Another extraordinary conclusion reached by the court concerned one of the elements of its discretion in deciding whether to put a stop to any putative deportations. It acknowledged, at one point, that those asylum seekers who have been denied refugee status were at risk now of being deported by PNG back to their home countries. Their substantive case is that, because they were sent to PNG and have been held there against their will and illegally, PNG cannot lawfully deal with their refugee claims. Those claims should properly always have been a matter for Australia, which is the country in which they sought asylum (as they were entitled to do under the UN Refugee Convention). Therefore, PNG cannot lawfully deport them either.

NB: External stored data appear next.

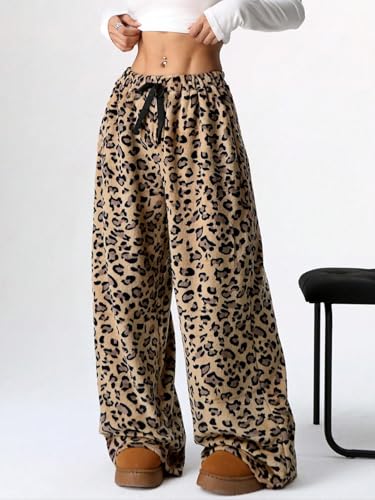 Leopard Pants Women Therian Fuzzy Pajama Pants Y2k Cheetah Pants Grunge High Waisted Fluffy Pants 2
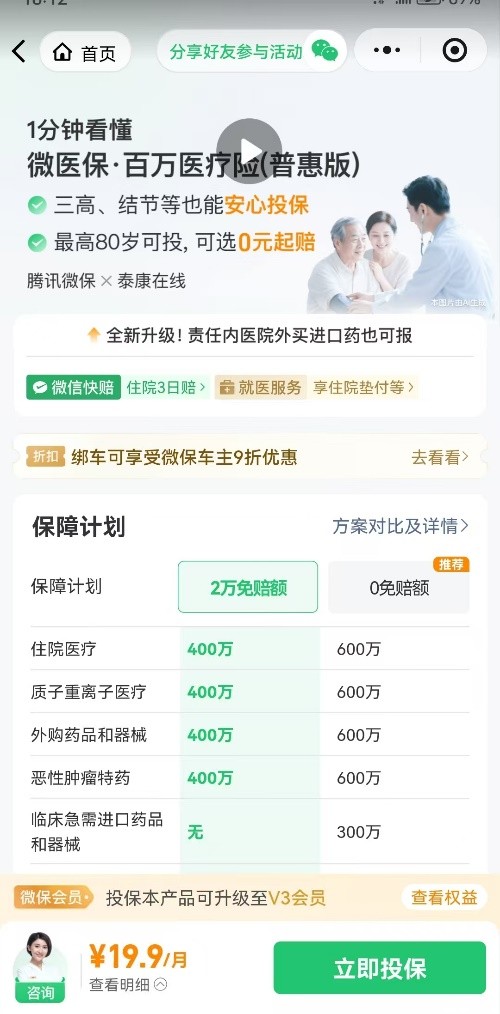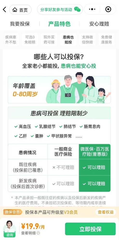 但当前很多保险对健康告知要求严格,有既往病史的人群往往面临投保无门、被拒保或责任除外的困境,“想保而不能保”成为普遍痛点。在此背景下,腾讯微保依托自身平台优势,携手保险公司推出可带病投保的医疗险——微医保・百万医疗险(普惠版)。
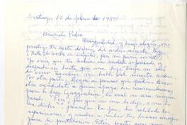 Santiago, Chile [a] Pedro Lastra, Nueva York Carta, 10 de febrero 1980, [manuscrito] Alberto Rubio.
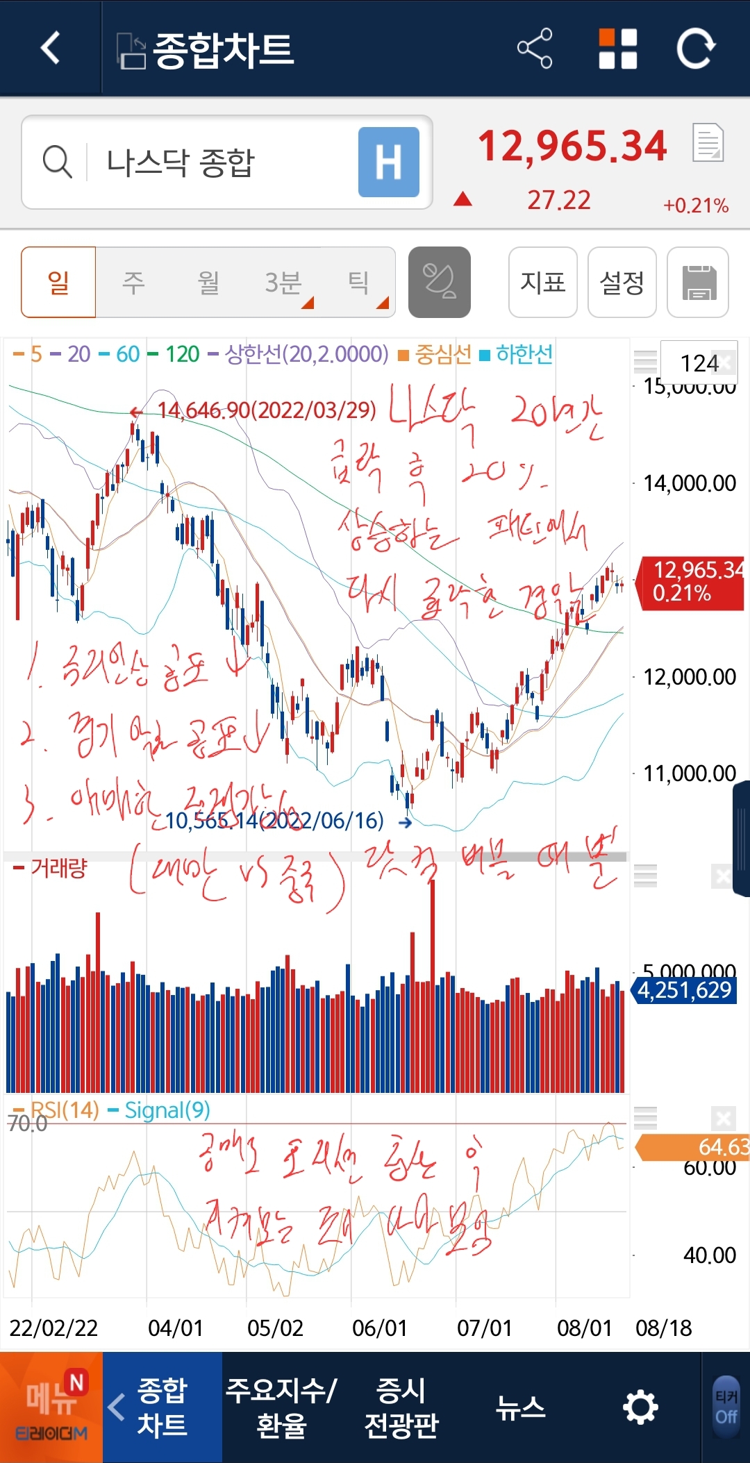 아......이때 조금만 더 기다렸어야 했습니다. 잭슨홀미팅까지만 기다렸다면 좋았을 텐데, 정말 아쉽습니다. 이때 인플레이션이 예상보다는 낮지만 높게 나왔는데도 올라가는 모습을 보며(예상치 8.9, 실제 8.5), 제 판단이 잘못되었다고 생각했었습니다. 하지만 잭슨홀 미팅에서 제 예상과 마찬가지로 연준은 인플레이션 우려를 내비치며 나스닥 폭락하게 만들었죠.
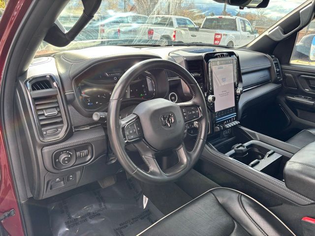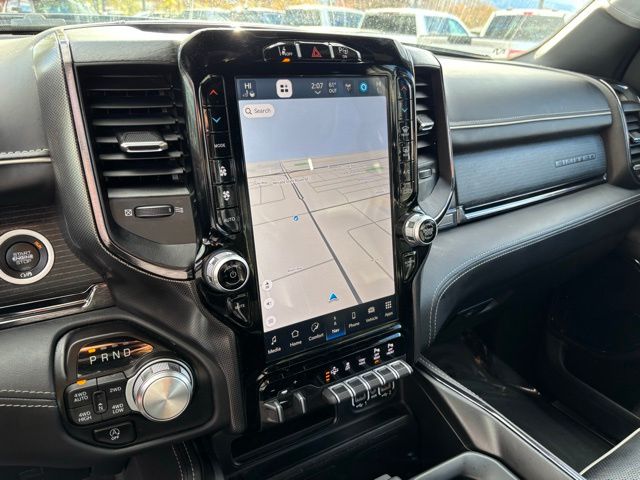 Accent Color Door Handles, Accent Color Premium Power Mirrors, Adaptive Cruise Control w/Stop & Go, Auto-Dimming Exterior Driver Mirror, Black Day Light Opening Moldings, Black Exterior Truck Badging, Black Grille Surround Texture 7 Black, Black Headlamp Bezels, Black Painted Exterior Mirrors Caps, Body Color Front Bumper, Body Color Rear Bumper w/Step Pads, Convex Wide-Angle Exterior Mirror Insert, Digital Rearview Mirror, Dual Exhaust w/Black Tips, Exterior Mirrors Courtesy Lamps, Exterior Mirrors w/Heating Element, Exterior Mirrors w/Memory, Exterior Mirrors w/Supplemental Signals, harman/kardon 19 Speaker Premium Sound, Heads-Up Display, Lane Keep Assist, LED CHMSL Lamp, Limited Level 1 Equipment Group, MOPAR Spray In Bedliner, Navigation System, Night Edition, Parallel & Perp Park Assist w/Stop, ParkSense Front/Rear Park Assist w/Stop, Pedestrian Emergency Braking, Pick-Up Box Lighting, Power Running Boards, Power-Folding Mirrors, Quick Order Package 27M Limited, RAM Grille Badge - Black, Sport Performance Hood, Surround View Camera System, Tailgate Ajar Warning Lamp, Tow Hooks, Tri-Fold Tonneau Cover, Wheels: 22" x 9" Black Aluminum, Wireless Charging Pad. CARFAX One-Owner.

Nevertheless, the court decided that, even if the asylum seekers were ultimately right about that, they still didn’t need an injunction because damages would be an adequate remedy for any harm they suffered. The court reached this conclusion because, it said, PNG could only send them “to a country, of which they are not a citizen, if that country consents”. Which is true, but the actual risk they’re facing is forced return to the country of their citizenship, from which they fled in the first place.

As the court has already found that these people’s detention in PNG results from an illegal agreement, it follows surely that PNG has no right to determine their refugee claims. Therefore, any deportation by it is also illegal. If they are then tortured, imprisoned or killed in their home country, talk of damages is just an insult.

Overall, this decision represents a complete about-face by PNG’s highest court. It’s disappointingly lazy and clearly, in my view, written with the desired end of washing judicial hands of the whole mess and letting the government get on with the dirty business of deportation.

For the benighted residents of the Manus Island detention centre, or whatever we’re calling it this week, it’s just another calibrated blow to their hopes for a normal life.  The court’s cynical rejection, coming on top of the fanciful promise that they might make it through Trump’s extreme vetting and be taken in by the USA, is beyond cruel.  They could be forgiven for thinking that they are friendless in the world.